(Beginning of Given material)

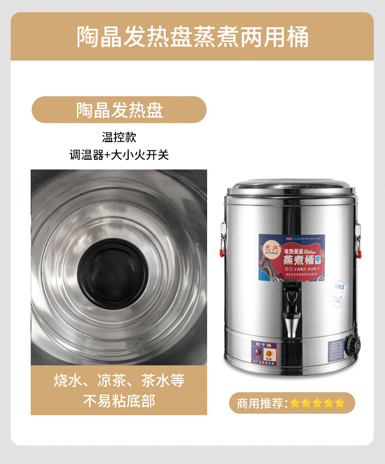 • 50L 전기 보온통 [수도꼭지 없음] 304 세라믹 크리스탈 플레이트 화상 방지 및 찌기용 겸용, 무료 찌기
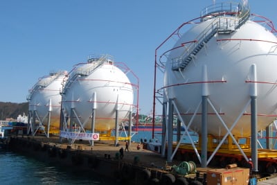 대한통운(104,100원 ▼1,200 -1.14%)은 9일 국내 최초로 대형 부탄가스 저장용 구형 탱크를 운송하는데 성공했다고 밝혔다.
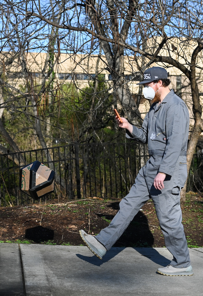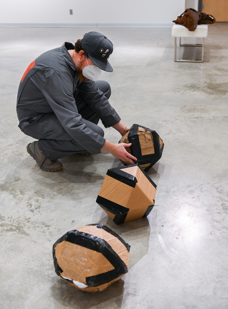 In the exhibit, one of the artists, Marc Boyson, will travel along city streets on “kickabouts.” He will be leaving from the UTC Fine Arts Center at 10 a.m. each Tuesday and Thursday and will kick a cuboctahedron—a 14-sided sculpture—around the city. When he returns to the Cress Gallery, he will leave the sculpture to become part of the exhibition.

(End of Given material)

None of the pictures belong in the copy; repeat all other material exactly.

 • 50L 전기 보온통 [수도꼭지 없음] 304 세라믹 크리스탈 플레이트 화상 방지 및 찌기용 겸용, 무료 찌기
 대한통운(104,100원 ▼1,200 -1.14%)은 9일 국내 최초로 대형 부탄가스 저장용 구형 탱크를 운송하는데 성공했다고 밝혔다.
 In the exhibit, one of the artists, Marc Boyson, will travel along city streets on “kickabouts.” He will be leaving from the UTC Fine Arts Center at 10 a.m. each Tuesday and Thursday and will kick a cuboctahedron—a 14-sided sculpture—around the city. When he returns to the Cress Gallery, he will leave the sculpture to become part of the exhibition.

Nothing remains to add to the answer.